10% mass lapse: This sensitivity has a small impact on surplus as the reduction in Own Funds is largely offset by the SCR fall. However, with fewer policies on the books there is less potential for future profits. The division most affected is Movestic; the loss in future fee income following mass lapse hits Own Funds by more than the SCR reduction.

 

10% expense rise + 1% inflation rise: The expense sensitivity hits the solvency position immediately as the increase in future expenses and inflation is capitalised into the balance sheet.

 

10% mortality increase: This sensitivity has an adverse impact on surplus and cash generation, particularly for Scildon due to their term products.

 

*BASIS OF PREPARATION ON REPORTING:

Although it is not a precise exercise, the general aim is that the sensitivities modelled are deemed to be broadly similar (with the exception that the 10% equity movements are naturally more likely to arise) in terms of likelihood. Whilst sensitivities provide a useful guide, in practice, how our results react to changing conditions is complex and the exact level of impact can vary due to the interactions of events and starting position.

 

FINANCIAL REVIEW

The key performance indicators are a reflection of how the business has performed in delivering its three strategic objectives.  

 

Summary of each KPI:

 

IFRS

PRE-TAX PROFIT: £24.6M (2019: £96.1M)

TOTAL COMPREHENSIVE INCOME: £43.3M (2019: £60.6M)

 

What is it?

Presentation of the results in accordance with International Financial Reporting Standards (IFRS) aims to recognise the profit arising from the longer-term insurance and investment contracts over the life of the policy.

 

Why is it important?

The IFRS results form the core of reporting and hence retain prominence as a key financial performance metric. There is however a general acceptance that the IFRS results in isolation do not recognise the wider financial performance of a typical life and pensions business, hence the use of supplementary alternative performance measures to enhance understanding of financial performance.

 

Risks

The IFRS profit/(loss) can be affected by a number of our principal risks and uncertainties. Volatility in equity markets and bond yields can result in volatility in the IFRS pre-tax profit/(loss), and foreign currency fluctuations can affect total comprehensive income. The IFRS results of Scildon are potentially relatively volatile, in part, due to the different approach used by the division for valuing assets and liabilities, as permitted under IFRS 4.

 

 

£m

2020

Operating profit

30.6

Economic profit

21.2

AVIF impairment

(27.6)

Profit on portfolio acquisition

0.4

Profit before tax

24.6

Tax

(3.4)

Forex impact

22.6

Other

(0.5)

Total comprehensive income

43.3

 

 

- Solid profits were delivered in each of the operating divisions, despite the challenging year and impact of Covid-19 on investment markets.

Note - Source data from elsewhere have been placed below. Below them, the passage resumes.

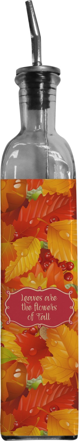 Made from recycled glass in Spain, these oil bottles have a classic, delicate look, and are accompanied by a metal spout for controlled pouring. Each bottle holds approximately 13 ounces and measures at 12 by 2 inches. We customize your glass oil bottle by applying your personalized design on the front and sides, using an adhesive. Our customizable stickers are made from high quality, gloss vinyl and are printed with waterproof, eco-solvent inks. These pieces are machine cut for accuracy and symmetry. The result is a robust, waterproof, adhesive decal that will not fade or deteriorate with time.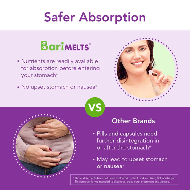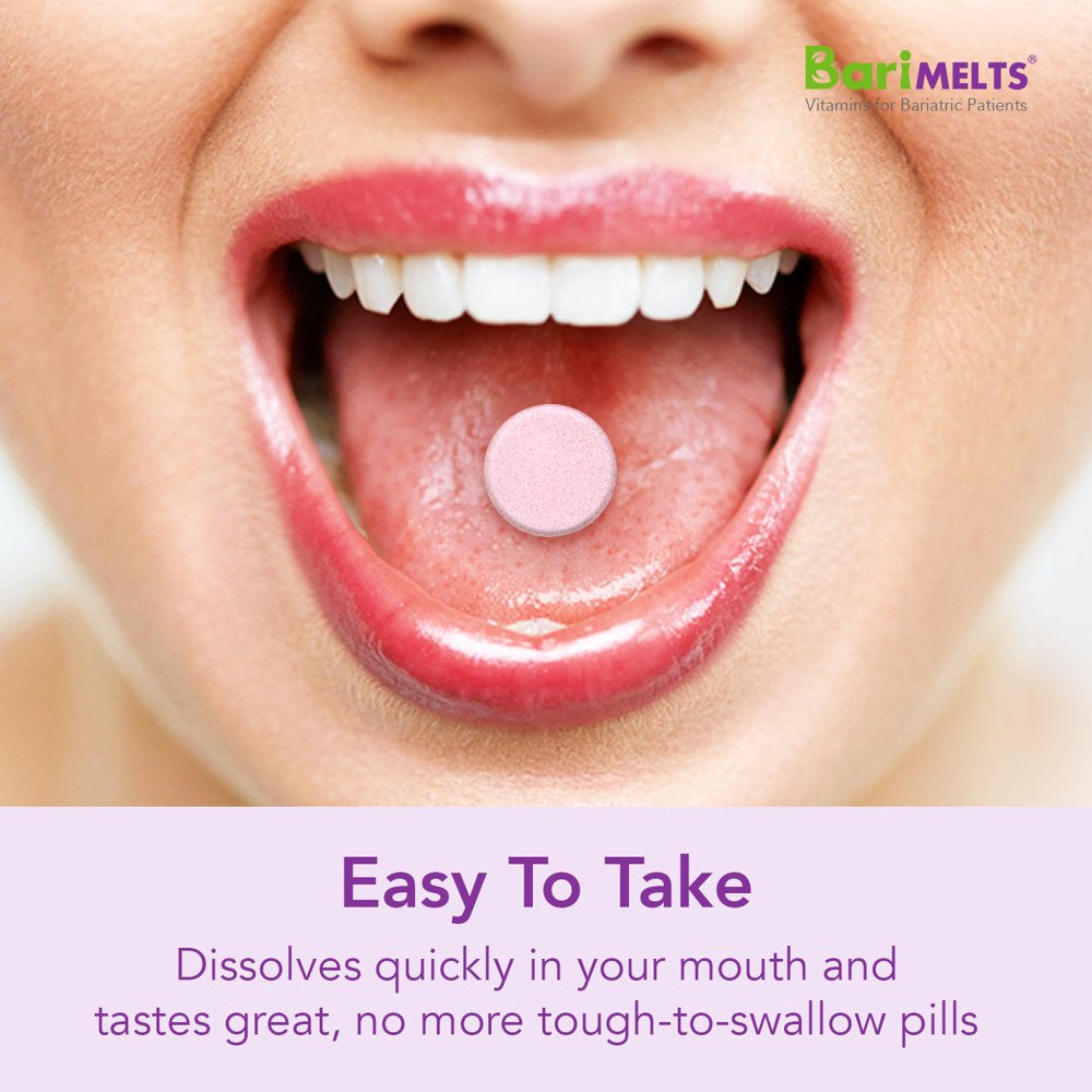 The BariMelts® delivery system is great for patients who have undergone bariatric surgery as it dissolves in the mouth and makes the vitamins available for absorption before they reach the stomach. Since the vitamins dissolve in the mouth, the tablet does not take up space in the stomach and allows you to eat a true meal. Some patients post-surgery may have difficulty swallowing and therefore this dosage form would help with that as well. BariMelts® Calcium uses calcium citrate instead of calcium carbonate because studies have shown that the citrate form has superior bioavailability than the carbonate form for bariatric surgery patients. Most calcium supplements contain vitamin D3 but BariMelts® Calcium also includes magnesium. The addition of this essential element serves to increase the absorption and metabolism of both calcium and vitamin D so that the body can use both of these vitamins more efficiently.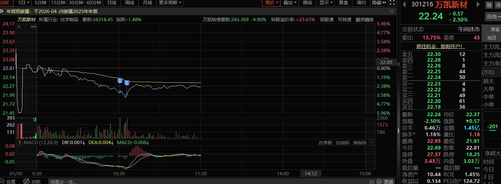 万凯未来潜力很大,目前趋势已坏,选择暂时减仓离开,留下的发财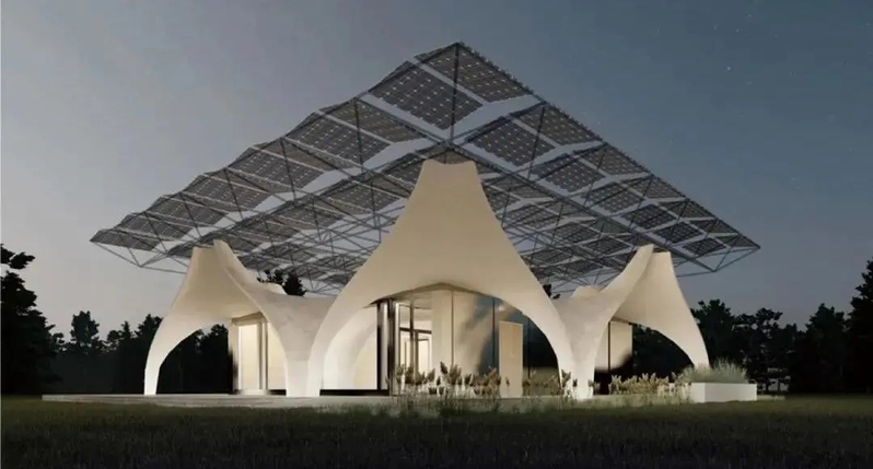 Solar Ark 3.0通过超高性能混凝土的运用,相比传统结构减少60%以上的混凝土用量。通过标准化设计,用一套模板完成UHPC壳体智能化预制。20个曲面通过308个螺栓连接,5天完成结构封顶,15天完成整体建造,建造过程无需脚手架或支模,快速建造,绿色建造,世界领先,建造过程相对传统建筑可减碳80吨以上。

- Operating profits, excluding AVIF impairment were down on last year's £46.2m, in part due to a strengthening of reserves (c£10m) in Scildon.

- Economic earnings, excluding AVIF impairment were also more muted than in 2019 (£49.1m) and reflect the pandemic-related low equity growth environment compared with the previous year.

- The AVIF impairment charge has arisen from reassessing the future profits from Scildon, which has been hit in part by falling yields in the year.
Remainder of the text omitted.